NSFW: Not Safe for Work

 

 

(This is excerpted from our maiden montlhy column, NSFW, in Workspan. Each takes a humorous look at an aspect of HR. Comments, as always, are welcome – within limits, of course).

Years ago — we’re talking the days of MS-DOS and WordPerfect — someone showed me this amazing office trick. I was working on the editorial side for what was then a hot, new media company, and I found myself spending more time hanging with the programmers and IT folks, asking them a lot of annoying tech-related questions as it was all so new, certainly to me.

I was standing over Johan’s left shoulder, mesmerized by whatever new video game he was obsessing over that week . . . when suddenly and with terrifying speed, he hit a combination of keys (Alt+G, if memory serves), whereupon the screen immediately filled with a spreadsheet and pie chart.

“Whatcha got there, Johan?” asked Jim, Johan’s boss, peering over a sheaf of printouts as he sharked past the cubicle.

“Hey, just looking at some numbers,” Johan replied, satisfying Jim’s seemingly casual curiosity.

Johan had hit the “game key” in the nick of time.

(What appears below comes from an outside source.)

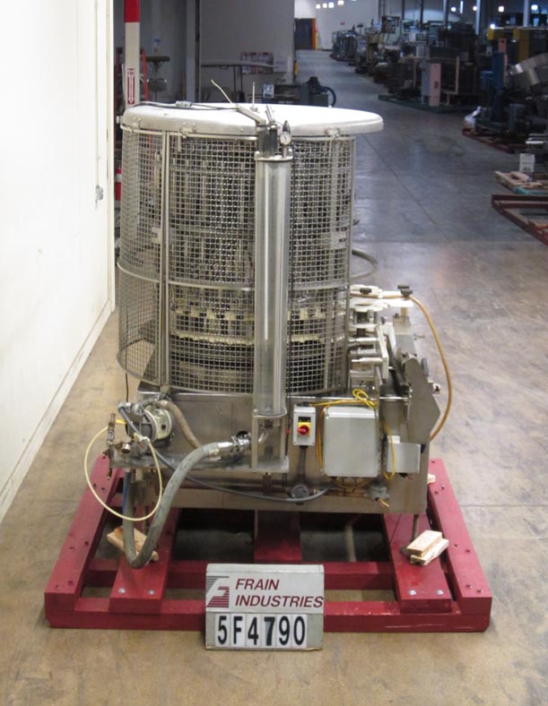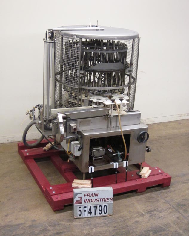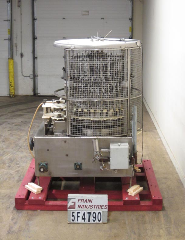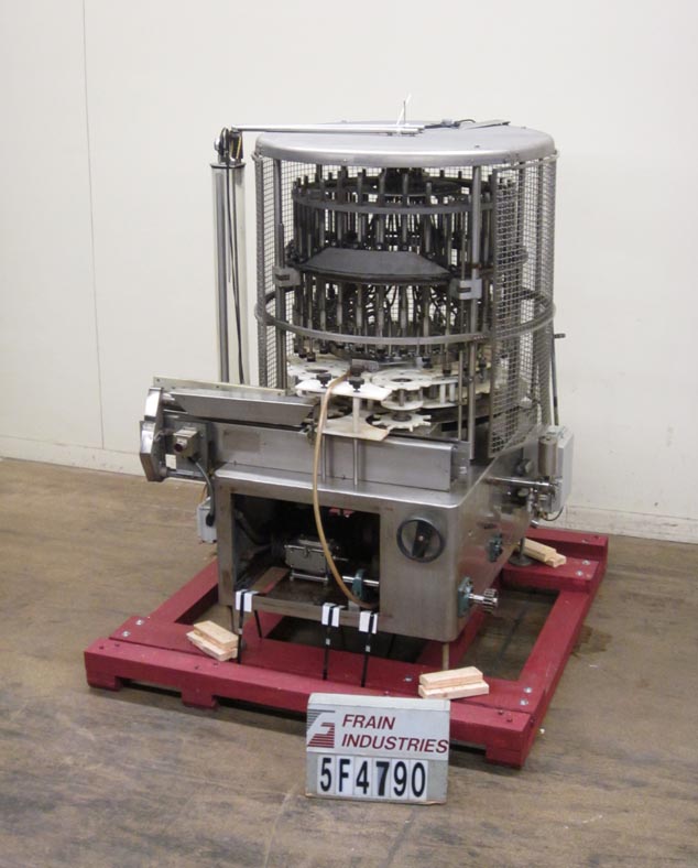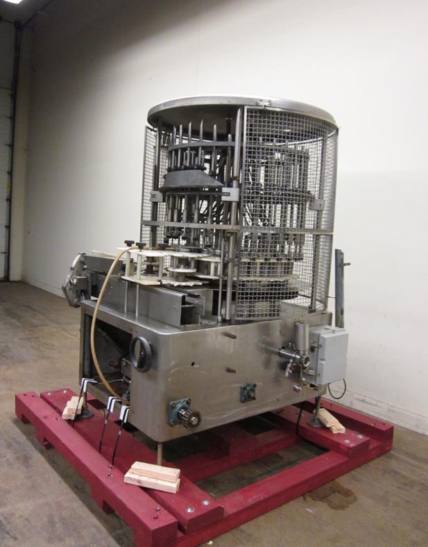 返回所有设备U S瓶子型号VA32自动50头,旋转式,真空填充物从50至320个容器/分钟额定 - 取决于材料和应用。容器尺寸范围:1“至3-1 / 4”直径x 4-1 / 4“至12英寸高度。配备32个填充头,1/2“OD和1/4”ID喷嘴,设置在4英寸中心,配备56英寸的长x 2-1 / 2“宽产品输送机,带有蜗杆螺钉到饲料和放电的星形轮,开销产品进料系统具有溢出,底部填充,无容器/无填充真空系统,具有隔音泵,安全防护和安装在4个腿基架上。

Most of the video games he played had a game key, each calling up a light variation of the same spreadsheet. (FYI, this scenario predated the 1999 movie “Office Space” by six years.)

It’s funny to think that back then a silly, nonexcessively violent computer game was considered “not safe for work,” when today you need a hazmat suit to wade through the wildly inappropriate, shocking stuff that cascades from all corners of the internet on an hourly basis. Then again, there was a time when showing up to the office sans necktie or sensible shoes was considered not safe for work, so the definition of what’s unacceptable continuously changes (what will make your employees blanch, your boss irate and your colleagues inconsolable in the not-too-distant future is sure to be an order of magnitude more horrific than what we’re seeing now).